* _Given entries_
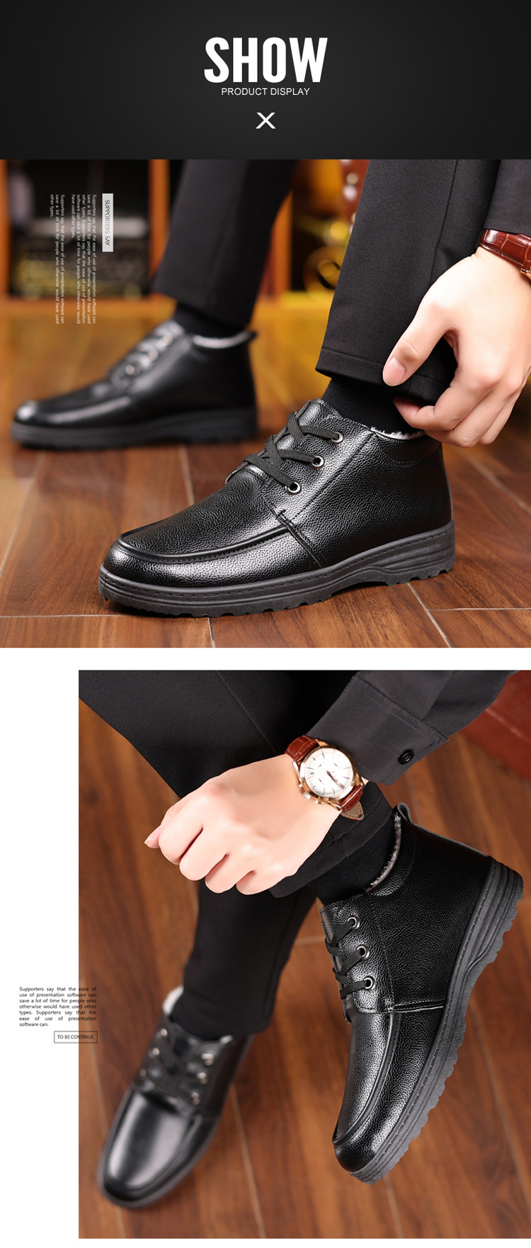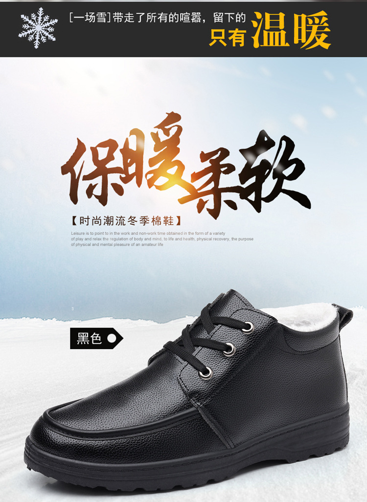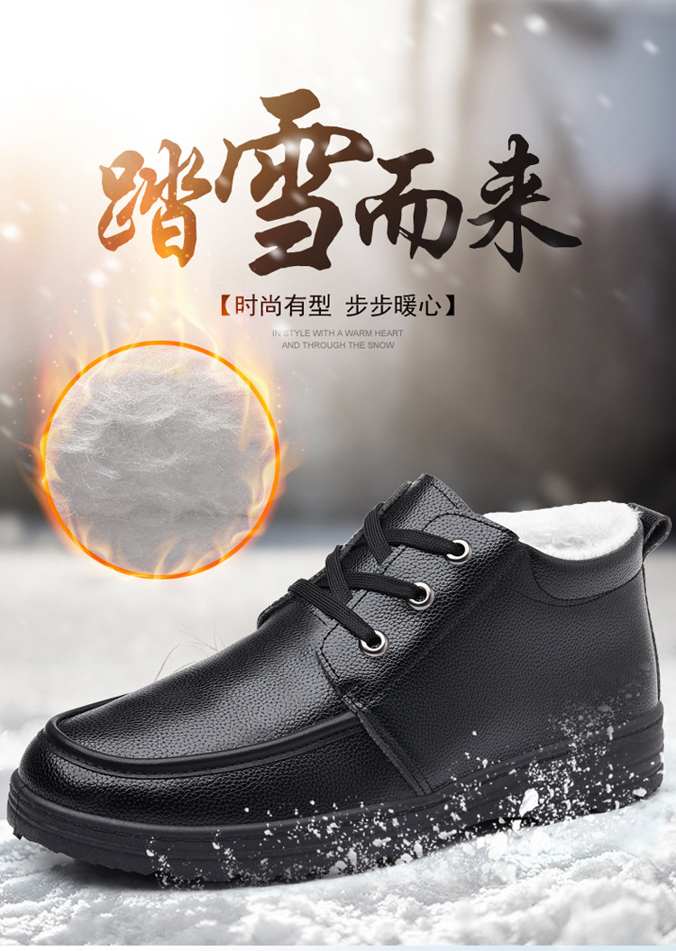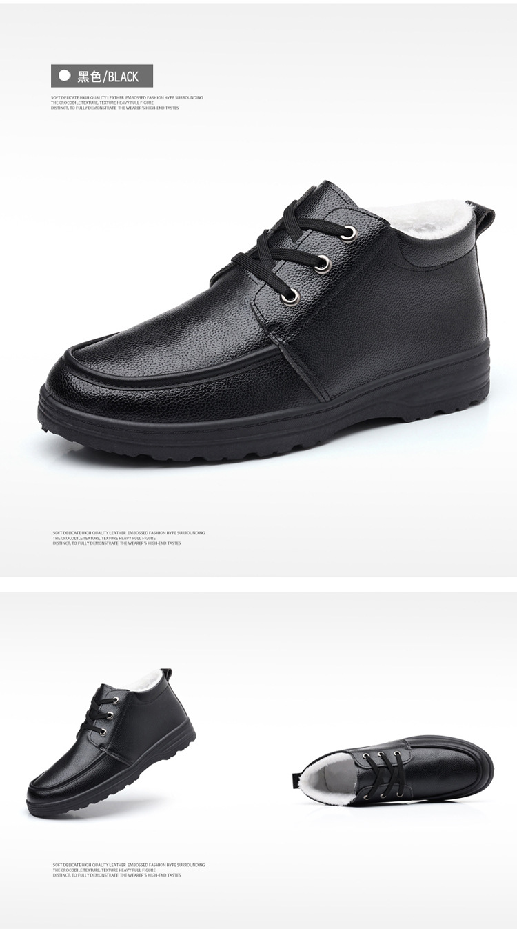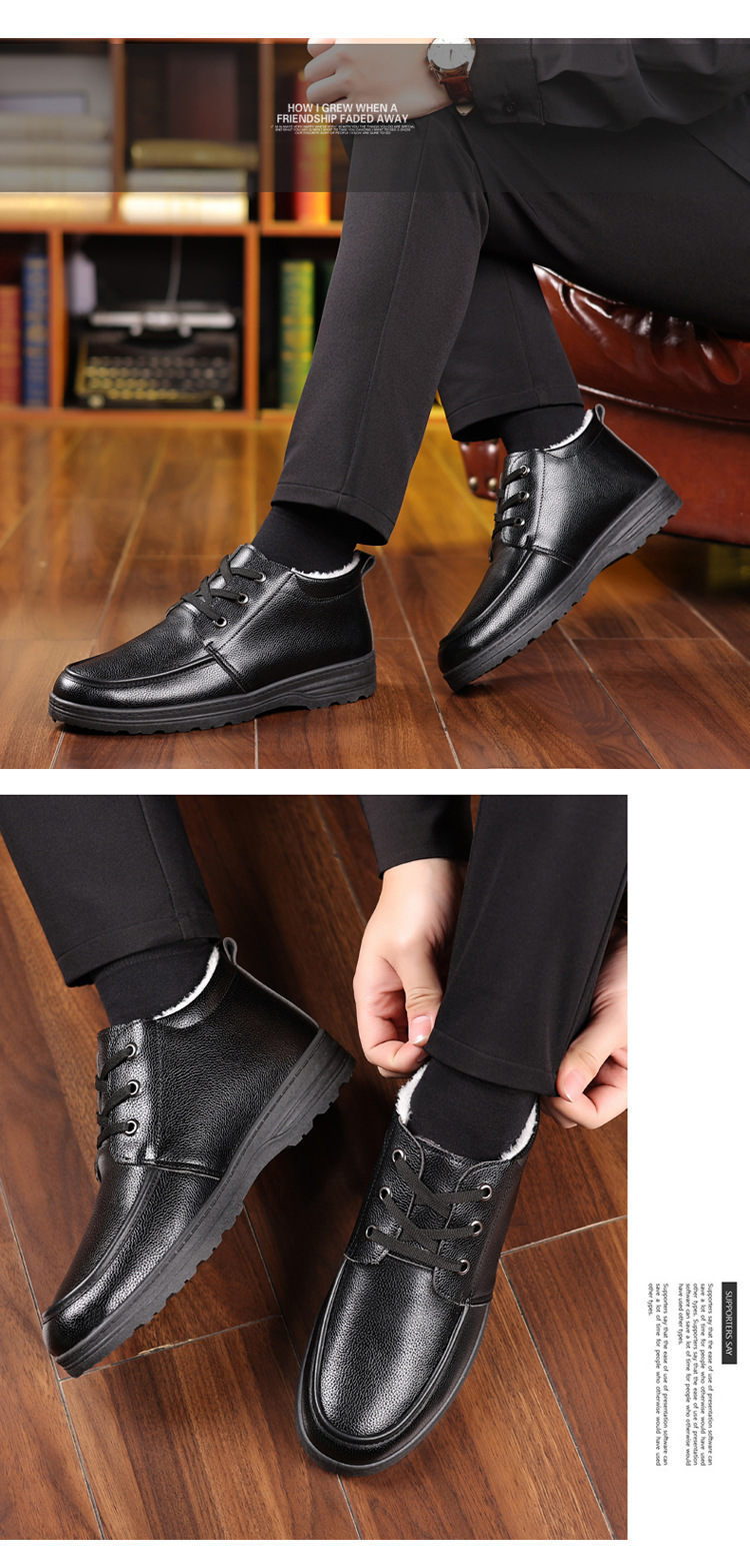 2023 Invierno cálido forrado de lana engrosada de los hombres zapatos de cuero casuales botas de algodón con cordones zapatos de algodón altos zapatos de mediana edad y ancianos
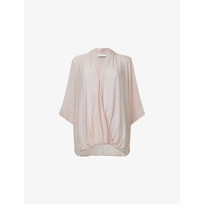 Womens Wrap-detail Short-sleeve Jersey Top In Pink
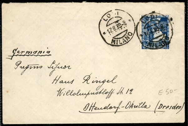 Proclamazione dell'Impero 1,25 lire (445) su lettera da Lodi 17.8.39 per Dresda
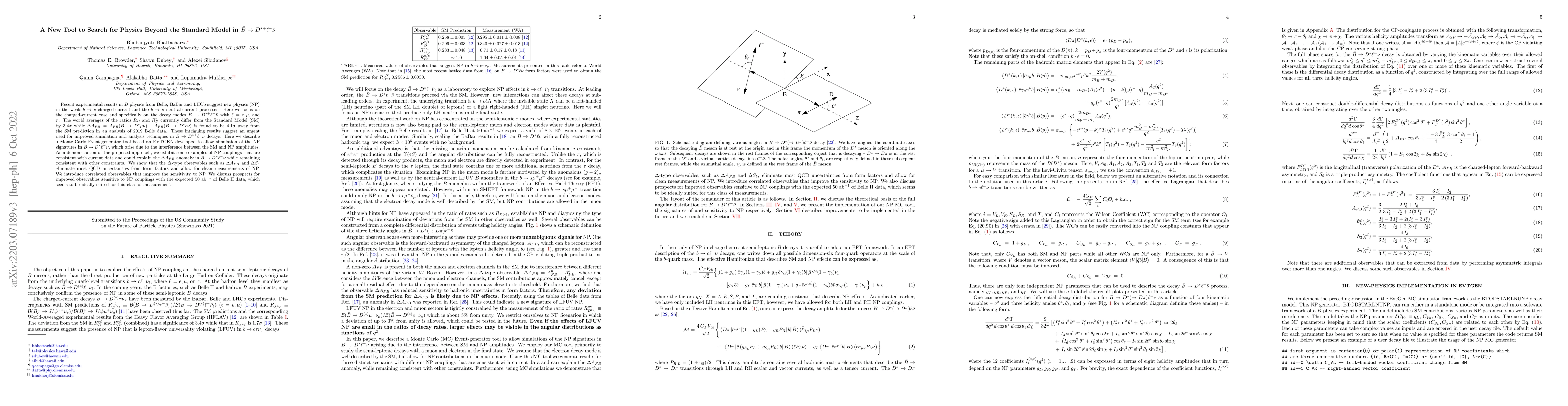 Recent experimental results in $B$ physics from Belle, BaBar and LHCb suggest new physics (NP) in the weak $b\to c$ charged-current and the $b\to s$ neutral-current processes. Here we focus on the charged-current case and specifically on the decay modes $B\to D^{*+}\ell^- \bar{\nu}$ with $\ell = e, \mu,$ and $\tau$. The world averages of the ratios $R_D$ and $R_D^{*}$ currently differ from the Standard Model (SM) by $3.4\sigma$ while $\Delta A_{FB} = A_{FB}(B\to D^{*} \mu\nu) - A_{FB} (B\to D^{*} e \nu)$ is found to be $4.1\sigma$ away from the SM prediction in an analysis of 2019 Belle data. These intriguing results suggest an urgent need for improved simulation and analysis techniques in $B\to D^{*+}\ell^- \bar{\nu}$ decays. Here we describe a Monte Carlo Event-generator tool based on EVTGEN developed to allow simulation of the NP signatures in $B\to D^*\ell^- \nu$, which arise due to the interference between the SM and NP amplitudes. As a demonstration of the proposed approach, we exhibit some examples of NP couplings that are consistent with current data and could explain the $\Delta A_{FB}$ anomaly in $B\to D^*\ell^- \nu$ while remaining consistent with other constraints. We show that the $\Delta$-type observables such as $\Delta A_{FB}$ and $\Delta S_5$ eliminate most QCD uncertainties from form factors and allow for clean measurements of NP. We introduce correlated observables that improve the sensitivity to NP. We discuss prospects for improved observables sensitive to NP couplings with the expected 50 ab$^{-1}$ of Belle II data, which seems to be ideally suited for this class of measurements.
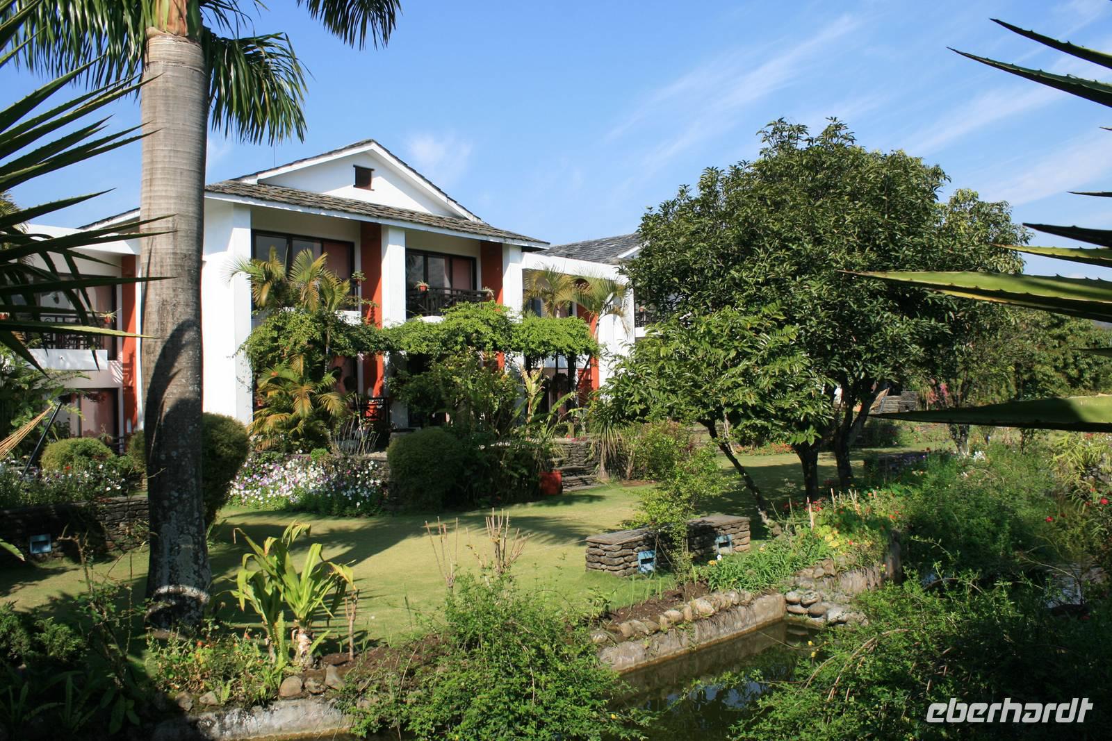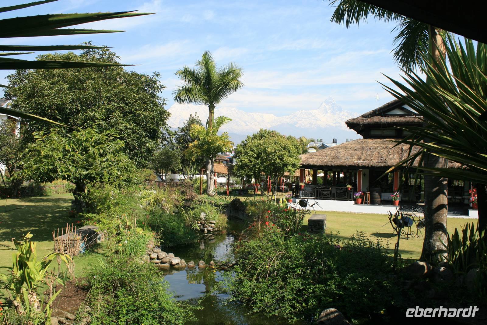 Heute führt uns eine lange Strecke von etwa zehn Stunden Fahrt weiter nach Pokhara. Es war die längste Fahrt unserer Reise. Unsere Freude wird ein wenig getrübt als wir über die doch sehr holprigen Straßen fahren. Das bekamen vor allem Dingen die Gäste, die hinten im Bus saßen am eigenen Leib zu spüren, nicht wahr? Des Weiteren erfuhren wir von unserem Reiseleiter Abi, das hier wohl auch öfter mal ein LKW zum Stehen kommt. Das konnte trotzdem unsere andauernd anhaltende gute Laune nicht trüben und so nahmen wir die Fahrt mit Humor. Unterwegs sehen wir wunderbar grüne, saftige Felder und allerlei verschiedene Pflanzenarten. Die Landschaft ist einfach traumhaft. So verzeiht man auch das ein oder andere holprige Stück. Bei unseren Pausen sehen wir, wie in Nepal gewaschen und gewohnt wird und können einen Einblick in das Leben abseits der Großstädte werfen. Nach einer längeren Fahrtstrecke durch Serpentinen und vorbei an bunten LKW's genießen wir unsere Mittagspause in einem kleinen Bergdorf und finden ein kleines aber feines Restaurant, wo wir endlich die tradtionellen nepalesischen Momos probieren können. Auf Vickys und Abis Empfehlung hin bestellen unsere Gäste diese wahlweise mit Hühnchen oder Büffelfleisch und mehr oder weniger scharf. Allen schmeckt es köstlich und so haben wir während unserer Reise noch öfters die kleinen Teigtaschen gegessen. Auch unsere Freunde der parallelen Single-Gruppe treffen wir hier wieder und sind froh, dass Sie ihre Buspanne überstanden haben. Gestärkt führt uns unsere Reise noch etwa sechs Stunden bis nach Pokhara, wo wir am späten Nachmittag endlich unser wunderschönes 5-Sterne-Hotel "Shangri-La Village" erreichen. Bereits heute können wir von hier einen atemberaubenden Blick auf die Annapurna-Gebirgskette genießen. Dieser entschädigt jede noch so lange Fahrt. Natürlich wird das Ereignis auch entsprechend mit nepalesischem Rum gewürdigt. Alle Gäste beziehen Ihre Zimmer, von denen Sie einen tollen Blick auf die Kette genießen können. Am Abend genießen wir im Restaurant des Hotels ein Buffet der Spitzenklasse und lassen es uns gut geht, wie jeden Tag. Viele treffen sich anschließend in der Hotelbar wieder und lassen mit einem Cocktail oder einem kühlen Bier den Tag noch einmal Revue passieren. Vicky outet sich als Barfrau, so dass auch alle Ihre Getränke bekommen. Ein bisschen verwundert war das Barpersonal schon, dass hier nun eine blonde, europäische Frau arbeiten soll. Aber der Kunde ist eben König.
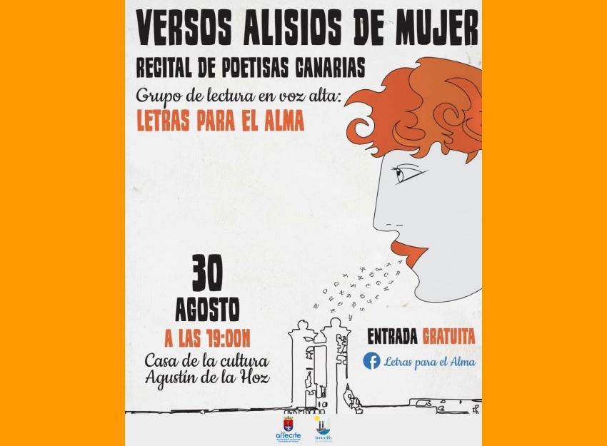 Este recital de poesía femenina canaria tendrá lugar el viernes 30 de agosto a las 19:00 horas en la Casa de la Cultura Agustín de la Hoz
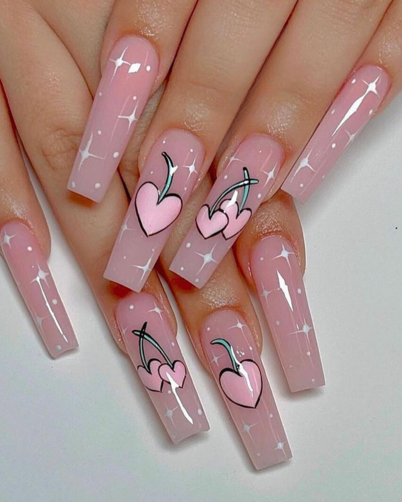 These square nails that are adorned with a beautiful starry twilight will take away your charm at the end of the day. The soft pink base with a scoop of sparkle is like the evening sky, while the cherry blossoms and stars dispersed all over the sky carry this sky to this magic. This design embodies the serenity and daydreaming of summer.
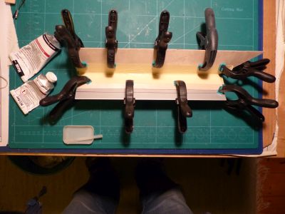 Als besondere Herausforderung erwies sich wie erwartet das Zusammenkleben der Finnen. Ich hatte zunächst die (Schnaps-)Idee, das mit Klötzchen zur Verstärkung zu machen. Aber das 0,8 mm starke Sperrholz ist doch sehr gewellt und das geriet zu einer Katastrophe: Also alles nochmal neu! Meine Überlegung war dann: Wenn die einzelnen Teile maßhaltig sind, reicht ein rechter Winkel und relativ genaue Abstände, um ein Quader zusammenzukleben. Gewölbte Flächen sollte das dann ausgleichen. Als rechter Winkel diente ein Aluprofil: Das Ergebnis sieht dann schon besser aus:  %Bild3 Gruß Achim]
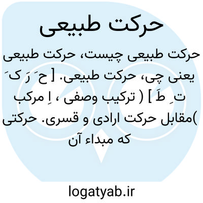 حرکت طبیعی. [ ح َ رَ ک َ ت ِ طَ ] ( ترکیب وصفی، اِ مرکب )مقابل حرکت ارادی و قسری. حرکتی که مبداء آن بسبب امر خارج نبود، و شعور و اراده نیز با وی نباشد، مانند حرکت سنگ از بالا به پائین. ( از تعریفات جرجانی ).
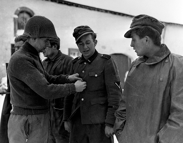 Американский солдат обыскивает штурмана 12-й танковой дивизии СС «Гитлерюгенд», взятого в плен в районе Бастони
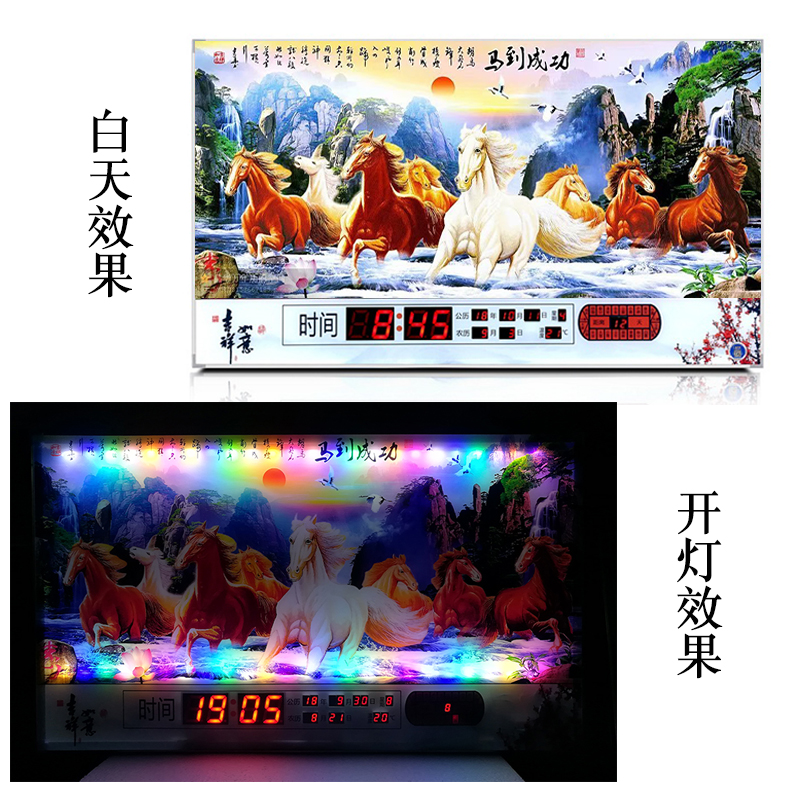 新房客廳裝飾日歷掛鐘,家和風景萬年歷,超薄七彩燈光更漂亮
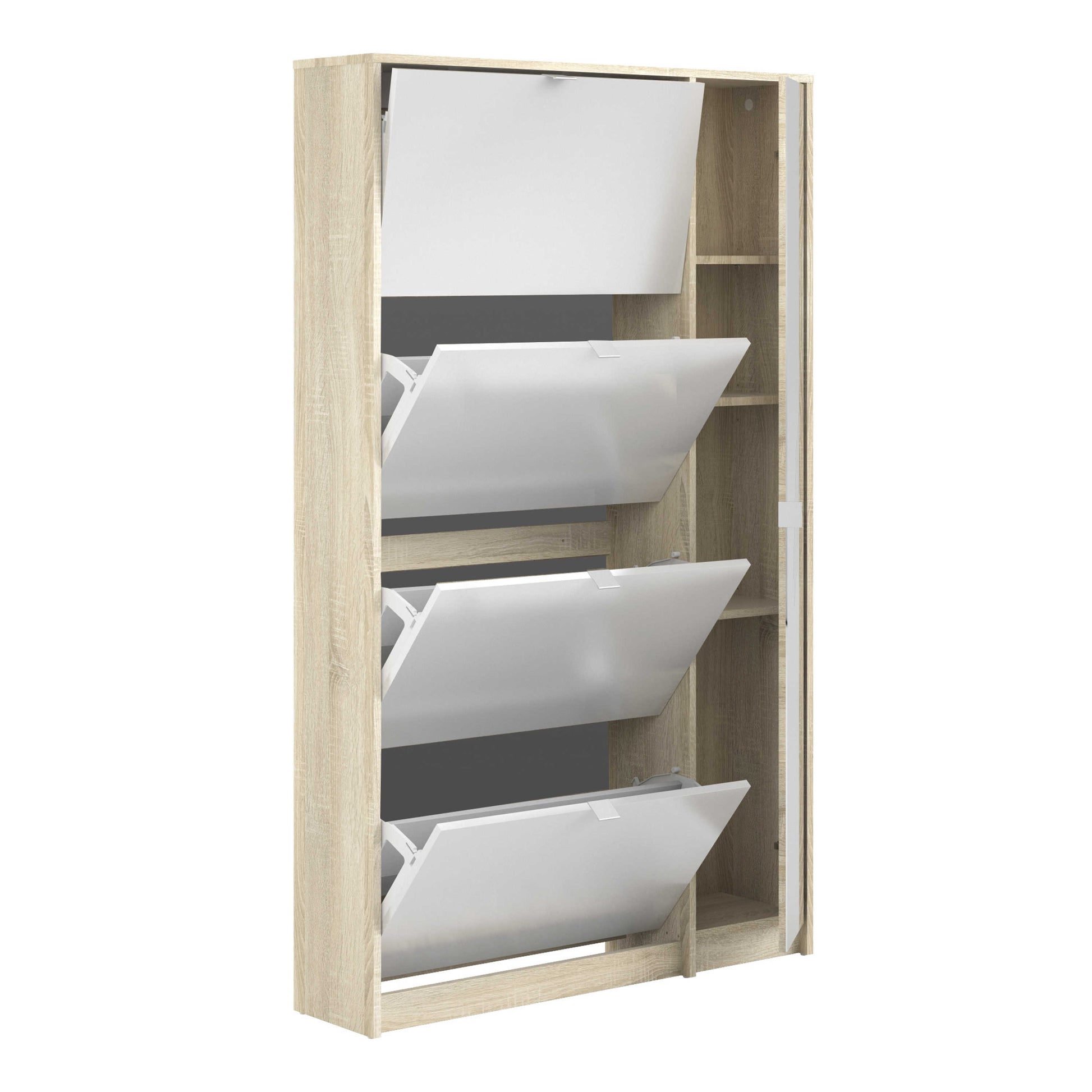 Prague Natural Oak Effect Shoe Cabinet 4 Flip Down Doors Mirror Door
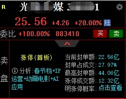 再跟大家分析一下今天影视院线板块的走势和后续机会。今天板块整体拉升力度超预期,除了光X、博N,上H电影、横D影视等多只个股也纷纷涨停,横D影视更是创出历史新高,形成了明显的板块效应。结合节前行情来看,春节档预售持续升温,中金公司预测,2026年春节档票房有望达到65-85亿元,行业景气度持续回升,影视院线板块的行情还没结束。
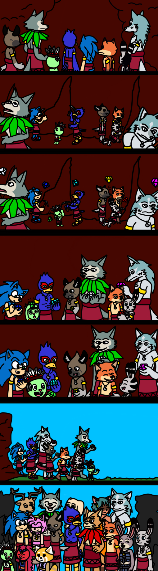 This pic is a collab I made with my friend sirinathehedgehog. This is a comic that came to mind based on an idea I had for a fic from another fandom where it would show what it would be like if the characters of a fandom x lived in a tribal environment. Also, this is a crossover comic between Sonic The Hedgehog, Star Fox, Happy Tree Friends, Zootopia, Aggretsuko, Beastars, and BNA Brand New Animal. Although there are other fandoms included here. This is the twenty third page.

* _Work required_
Omit the pictures, then repeat exactly each line from the beginning of the listing through the line with "Proclamazione dell'Impero 1,25".

* _Expected answer_
 2023 Invierno cálido forrado de lana engrosada de los hombres zapatos de cuero casuales botas de algodón con cordones zapatos de algodón altos zapatos de mediana edad y ancianos
 Womens Wrap-detail Short-sleeve Jersey Top In Pink
 Proclamazione dell'Impero 1,25 lire (445) su lettera da Lodi 17.8.39 per Dresda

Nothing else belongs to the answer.